I think it should be:
r^2 + (2r-t)^2 = (r+t)^2
r^2 = (r+t)^2 - (2r-t)^2
r^2 = (r+t - 2r+t)(r+t+2r-t)
r^2 = (2t - r)(3r)
r = (2t - r)(3)
r = 6t - 3r
r=(3/2) t
Nice question.
-O
We have been assigned this math problem (22) and I'm having some trouble solving it.
Sacred Mathematics: Japanese Temple ... - Google Book Search
It wants me to show that R=2t, and I know so far that the sides of the square are equal to 4r
The answer key says to use the Pythagorean theorem on the little circles to show that r= 3/2 t and I'm having problems with that
This is what I did so far, from diving the square in halves and then connecting the four origins of the small circles inside the square, you then see 4 small triangles. I used the bottom right triangle.

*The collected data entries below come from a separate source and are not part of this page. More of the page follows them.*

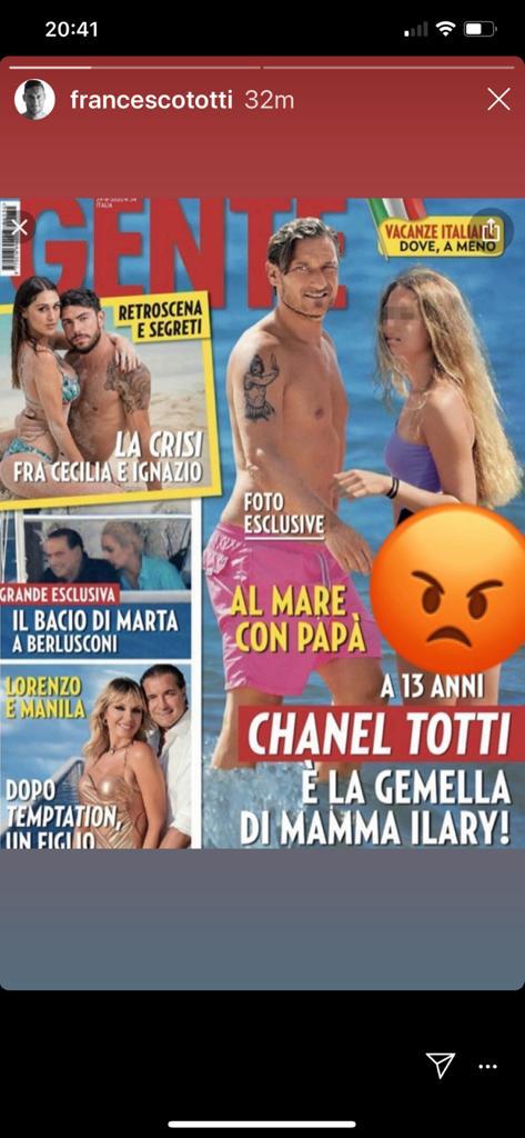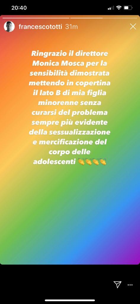 “Ringrazio il direttore Monica Mosca per la sensibilità dimostrata mettendo in copertina il lato B di mia figlia minorenne senza curarsi del problema sempre più evidente della sessualizzazione e mercificazione del corpo delle adolescenti”, così Francesco Totti su Instagram dopo la pubblicazione del lato B di sua figlia Chanel sulla copertina del settimanale Gente.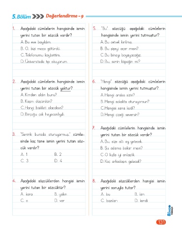1. Aşağıdaki cümlelerin hangisinde ismin 5. “Bu” sözcüğü aşağıdaki cümlelerin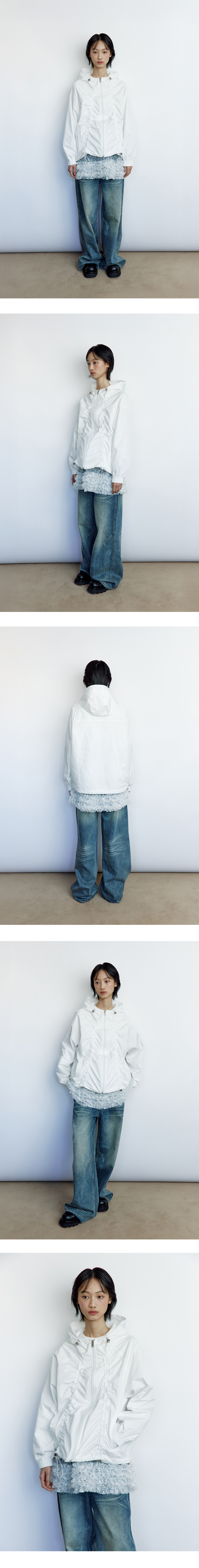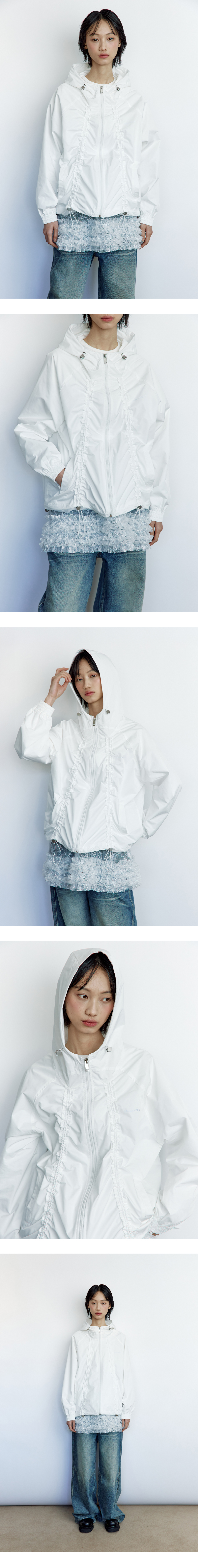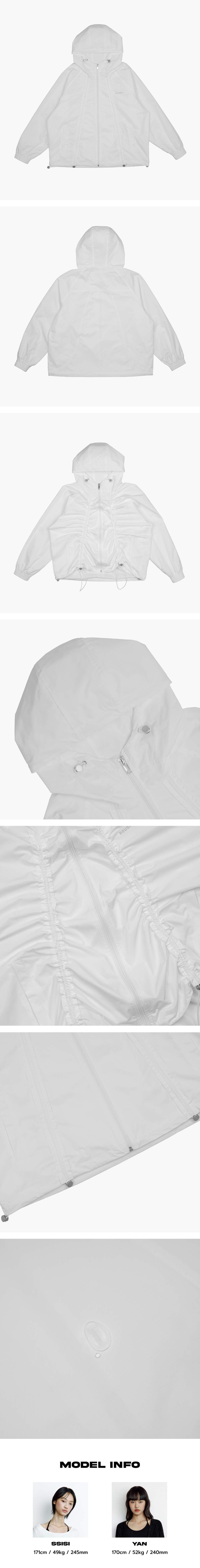 앞부분의 고무줄을 조절하여 원하는 만큼 셔링을 만들어 다양한 스타일로 연출할 수 있는 아이템입니다. 생활 방수 기능이 있어 가벼운 비나 바람으로부터 보호해 주며, 가볍고 넉넉한 핏으로 편안한 착용감을 제공합니다. 스타일과 기능성을 모두 갖춘 디자인으로 일상은 물론 간절기시 야외 활동에도 활용하기 좋은 아우터입니다. - Polyester 100% - Model Info : YAN (170cm / 52kg) / SSISI (171cm / 49kg) - Fitting size : S

I got that the hypotenuse is r+t and then the side on the horizontal half line is 2r - t and the side on the vertical half line is r for sure. I tried using the pythagorean theorem but all I came to was that 2r^2 - tr = 2t, for the theorem the sides came up to be r^2 + (2r-t)^2 = (r+t)^2
Does anyone know what I'm doing wrong here?